We two have paddled in the stream, from morning sun till dine. But seas between us broad have roared since auld lang syne.
Kate and I have danced till sunrise in the clubs of New York, clinked glasses with celebrities on the left coast, and gone diving head-first into the waters of Lake George before it freezes in January. Though pajama-clad and exhausted from work and children…the joys in life have changed. I’d die of liver poisoning if I tried to keep up with 23-year-old me in New York, and 23-year-old me would die of boredom if he was stuck with me today…but we both were/are happy in our own time.
And there’s a hand my trusty friend and give us a hand o’ thine. And we’ll take a right good-will draught, for auld lang syne.
This is why people hold hands when they sing this Scottish poem by Robert Burns. Lend a hand, raise a glass, and ever onward we will go. Kate has become more than my wife and best friend…she has become someone who cannot be described by any word in the English dictionary because my love for her is constantly growing and has surpassed my ability to define it in words. All I can think of is that she is an enigmatical and prodigious rapture…but those are just words. That’s okay. I see it in Kate’s eye as well and THAT is the special bond that ties us together. THAT is why life is wonderful. THAT is why she is the completion of me…the missing piece of star-dust I once was…the molecules that hum when we are close and crash together to create the boring word of “love.”
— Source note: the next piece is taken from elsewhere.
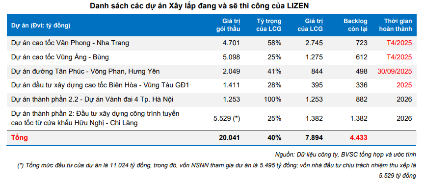 - Backlog “dồi dào” và chất lượng cao: Theo ước tính của BVSC, backlog còn lại của LCG là 4,433 tỷ đồng (tính trên 6 dự án chủ đạo), gấp 1.6 lần doanh thu thuần năm 2024. Điều đáng chú ý là cả 6/6 dự án này đều là các dự án quốc gia, với 4/6 dự án dự kiến hoàn thành trong năm 2025, ước tính khoảng 2,169 tỷ đồng doanh thu. Hai dự án trọng điểm khác là Vành đai 4 Hà Nội (Thành phần 2.2) và Cao tốc cửa khẩu Hữu Nghị – Chi Lăng cũng đang được đẩy nhanh tiến độ, đóng góp đáng kể vào doanh thu của LCG trong năm 2025.

So as “Auld Lang Syne” rambled around in my head in the days following January 1st, I found my 2013 resolutions. They are not fantasies and therefore not anxiety inducing…on the contrary they are anxiety ebbing. I’m not going to resolve to lose 15 lbs (which I would love to do). I’m not going to resolve to remodel the downstairs (also…would love to do). I’m going to make resolutions for you, for Kate, and for everyone I encounter. I resolve in 2013 to think less about myself and more about others. I resolve in 2013 to not hold those around me to unrealistic standards. Even harder…I resolve in 2013 to not hold myself to unrealistic standards. What does that mean? It means I’m giving myself permission to be human and make mistakes. It means I’m going to take it easy on myself and those I love. It means I’m going to go with the flow.
2012 was not the year I developed GAD and retreated to my home to cower in agoraphobic terror…it was the year my body gave me the wake-up call I needed to chill out and give myself credit for the good things I do. I’m bringing another person into this wold in two months…I have to go with the flow…there is going to be two little boys running around the house for the rest of my foreseeable future and it will be much more fun if I let it be whatever it is going to be. Life is good. Life is great actually! All the good stuff is the stuff I don’t stress about…so why am I stressing? This is a resolution I can achieve but taking it easy isn’t achieved by doing nothing…it is achieved by appreciating auld lang syne, not fantasizing about tomorrow and all its potentially horrifying outcomes, and enjoying where I am now. I am now. This is now. The past is behind me and the future is full of potential. Bring it on 2013, I’m ready to go with the flow.